Success Through the Power of Subtraction

Success Through the Power of Subtraction

I hate the word “hustle.” Maybe because I’m a lazy piece of sh#t. Or maybe because I just can’t justify living for the future at the cost of today. Don’t get me wrong, I’m quite ambitious and future-oriented — I just believe a great future can be created while still enjoying the present. In fact, much of my life has been dedicated to answering the question of how to make that a lived reality for myself and others.

The following will explain a few realizations I’ve had over the years in my quest to achieve more in less time — not by packing my days with more things to do, but by cutting out all non-essentials. I’ve come to see that the path to stress-free success and achievement is one of subtraction, not addition. I believe the following will show you why that is true.

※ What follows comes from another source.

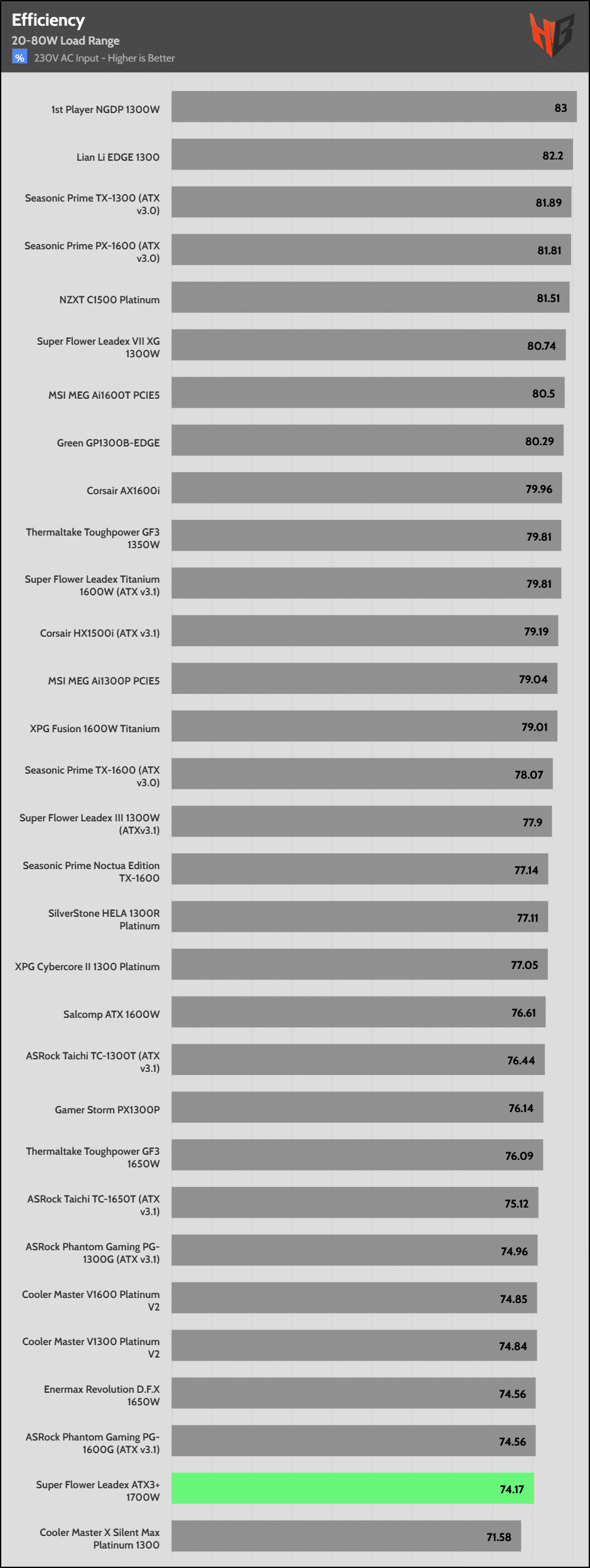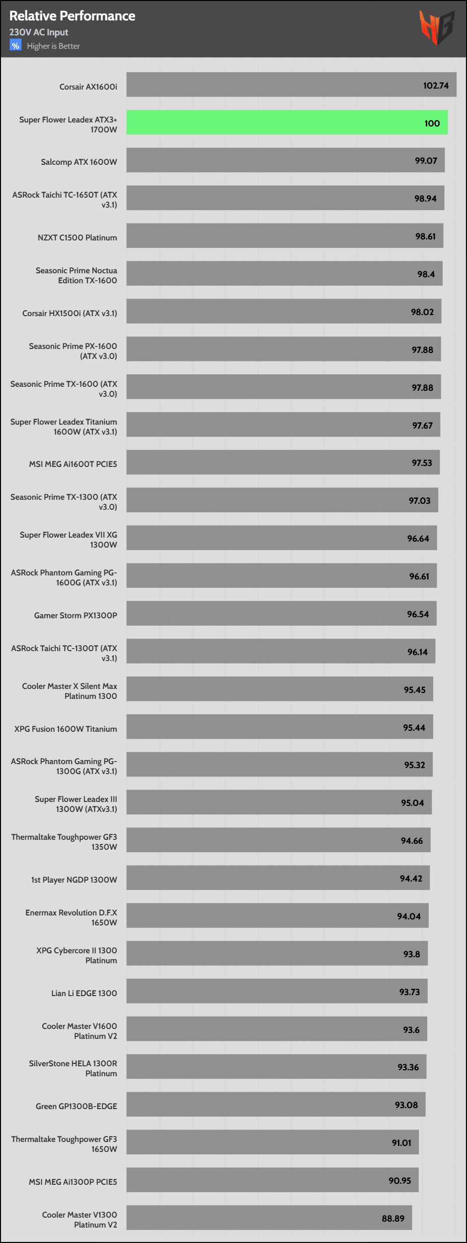 The Corsair AX1600i has the best overall performance, but it is not ATX v3.x compliant. Since the Salcomp ATX 1600W unit is not available for purchase, I only included it in the charts for reference.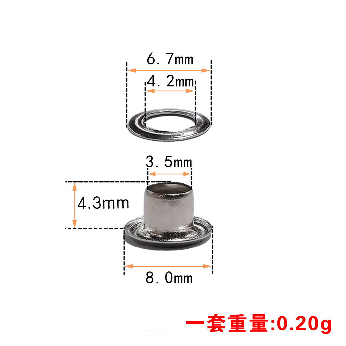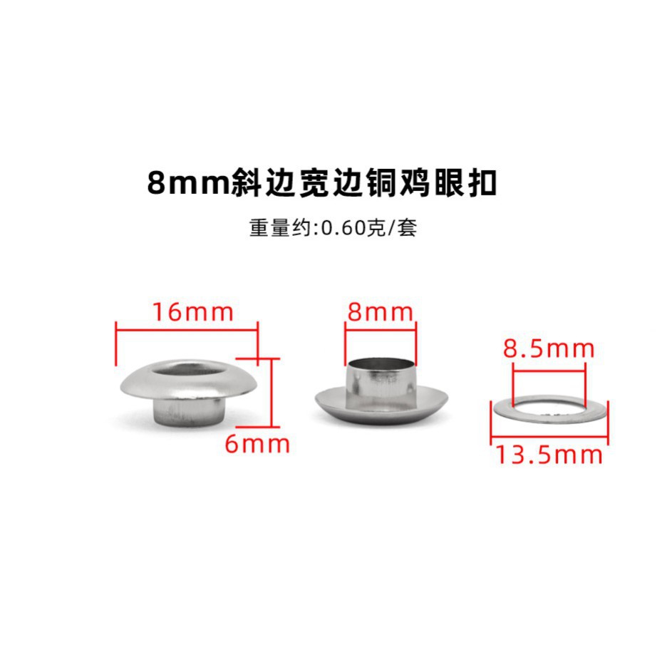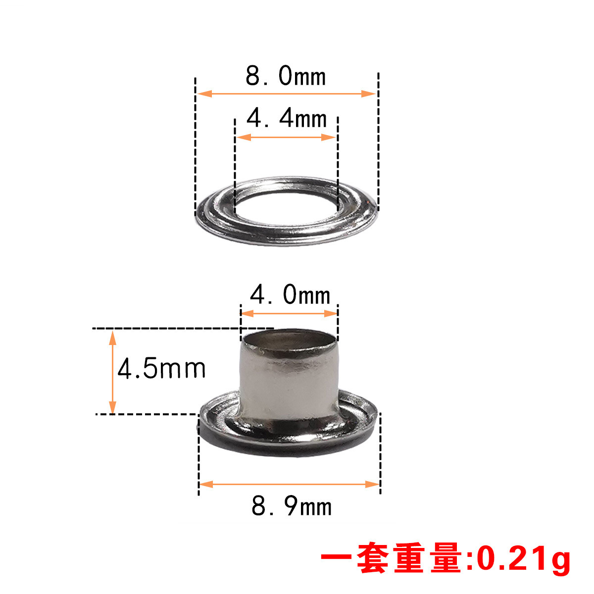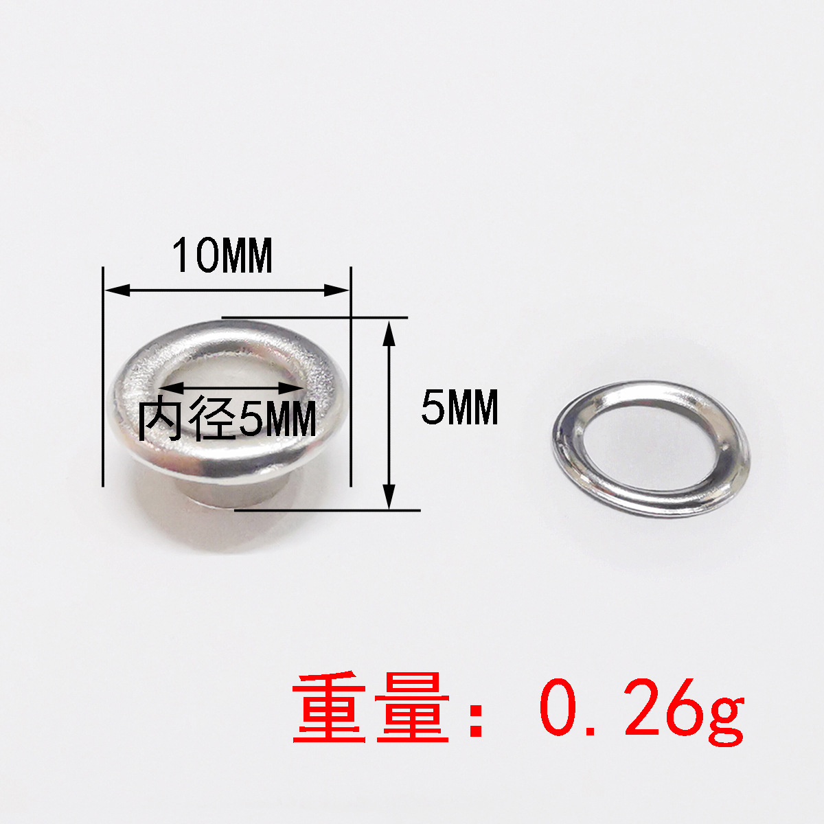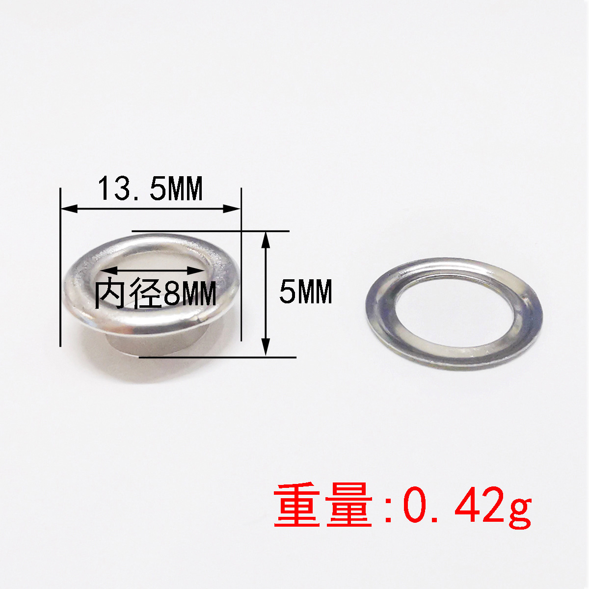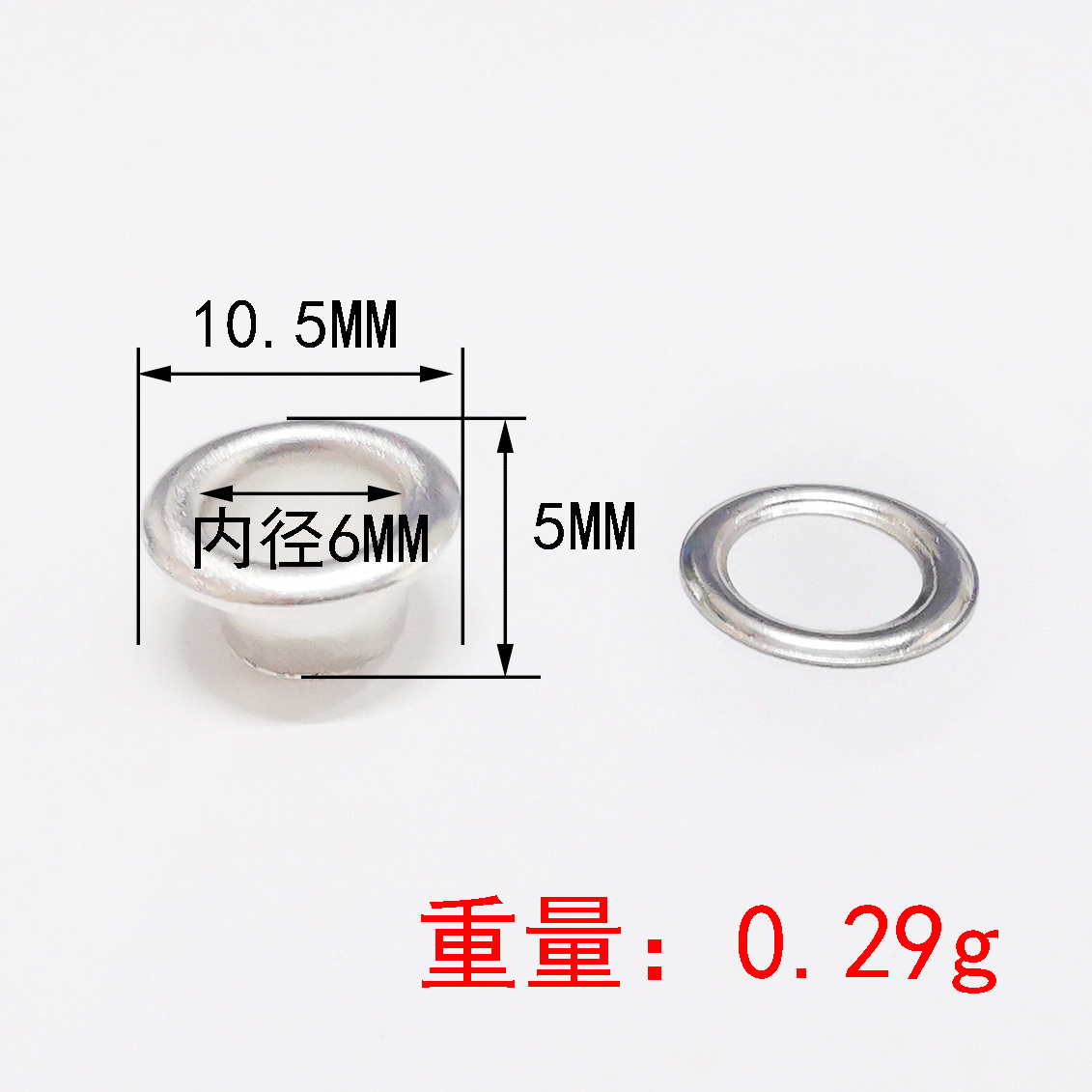 | 国标号 | 内径d1 | 外径dk | 总高度 | 鸡眼重量 | 垫片重量 | 一套重量 | 彩色鸡眼 | 圆边铁鸡眼 | 圆边铜鸡眼 | 压边鸡眼铜 |

Problem #1: Focus Dilution and the Addition/Subtraction Paradox

I drew a simple diagram to illustrate this concept. Although reality is certainly more complex, I believe this does a good job at getting a basic point across—the fact that doing more can often lead to less progress while doing less can lead to more of it. This is counter to what we might unconsciously believe.

In math class, we learn at a young age that to get a bigger output, we have to ADD, not subtract. More = more. Subtraction leads to less of something while addition leads to more of it. I’m not sure how much of a role this innocent learning process plays in our attitude towards work and achievement later in life, but I’m certain it has some effect on the way we think about it.

When it comes to achieving goals, we’re often better served by taking the approach of subtraction, not addition. To get more, do less. Ask yourself, “what is the ONE thing I could do every day that would allow me to make the most progress towards my goal and potentially make everything else irrelevant?”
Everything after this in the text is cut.